** Exercise **
Your output should be the lines below from the one holding "与海外其它朝鲜餐馆一样,这里" through the one holding "Получим панель свойств", transcribed exactly, with no pictures.
━━━ Information provided ━━━
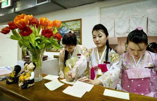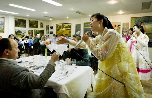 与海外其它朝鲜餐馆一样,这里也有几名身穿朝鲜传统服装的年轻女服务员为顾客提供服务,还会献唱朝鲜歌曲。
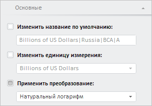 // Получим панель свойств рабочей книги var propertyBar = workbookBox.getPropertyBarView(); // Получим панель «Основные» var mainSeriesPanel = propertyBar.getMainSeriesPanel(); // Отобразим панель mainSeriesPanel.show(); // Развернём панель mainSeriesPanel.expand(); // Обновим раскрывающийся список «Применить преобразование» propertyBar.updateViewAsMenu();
━━━
━━━ Information provided ━━━
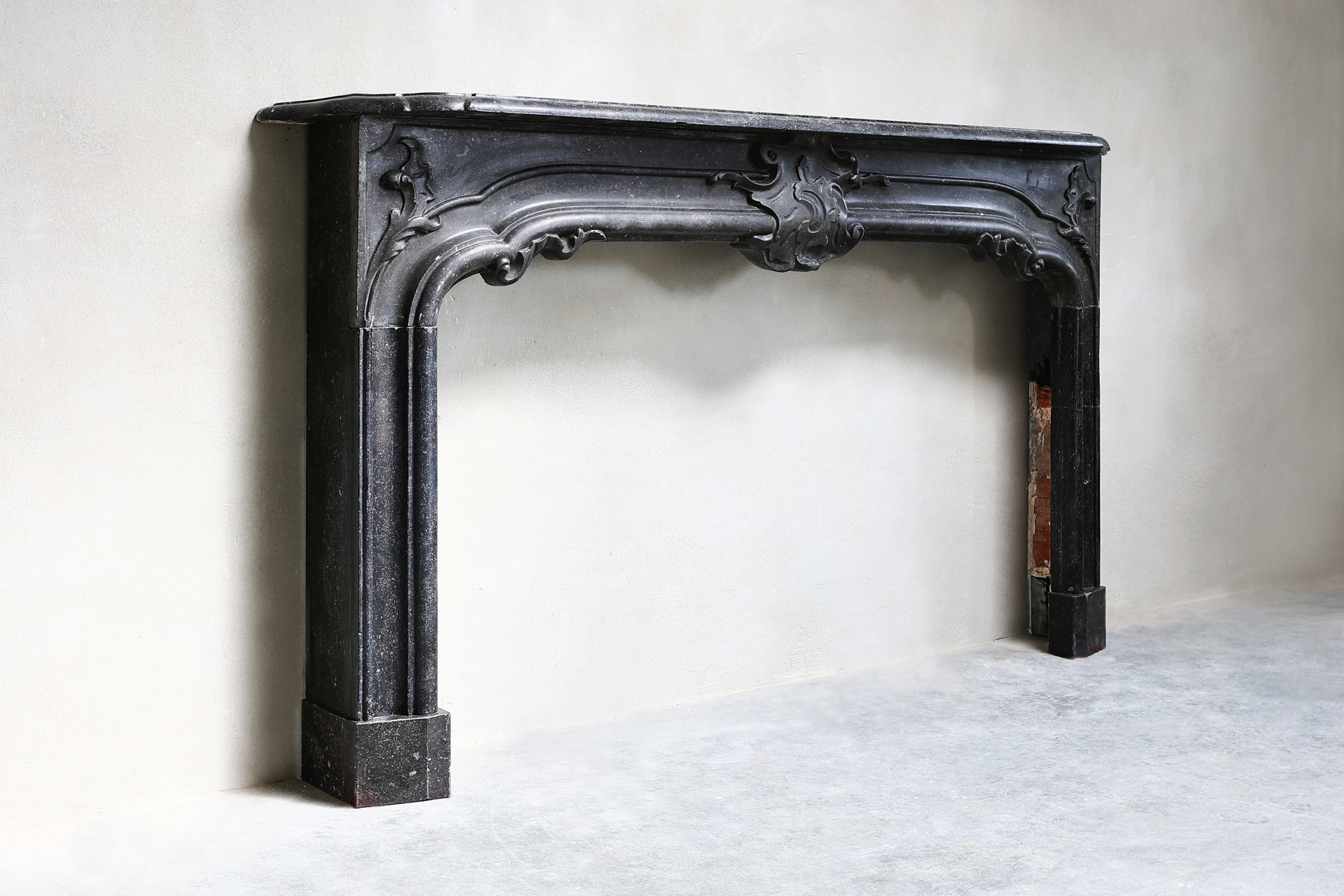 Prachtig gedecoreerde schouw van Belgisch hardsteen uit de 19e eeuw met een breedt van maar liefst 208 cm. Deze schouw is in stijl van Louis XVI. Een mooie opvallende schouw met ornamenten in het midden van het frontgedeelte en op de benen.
━━━
** Exercise output **
 与海外其它朝鲜餐馆一样,这里也有几名身穿朝鲜传统服装的年轻女服务员为顾客提供服务,还会献唱朝鲜歌曲。
 // Получим панель свойств рабочей книги var propertyBar = workbookBox.getPropertyBarView(); // Получим панель «Основные» var mainSeriesPanel = propertyBar.getMainSeriesPanel(); // Отобразим панель mainSeriesPanel.show(); // Развернём панель mainSeriesPanel.expand(); // Обновим раскрывающийся список «Применить преобразование» propertyBar.updateViewAsMenu();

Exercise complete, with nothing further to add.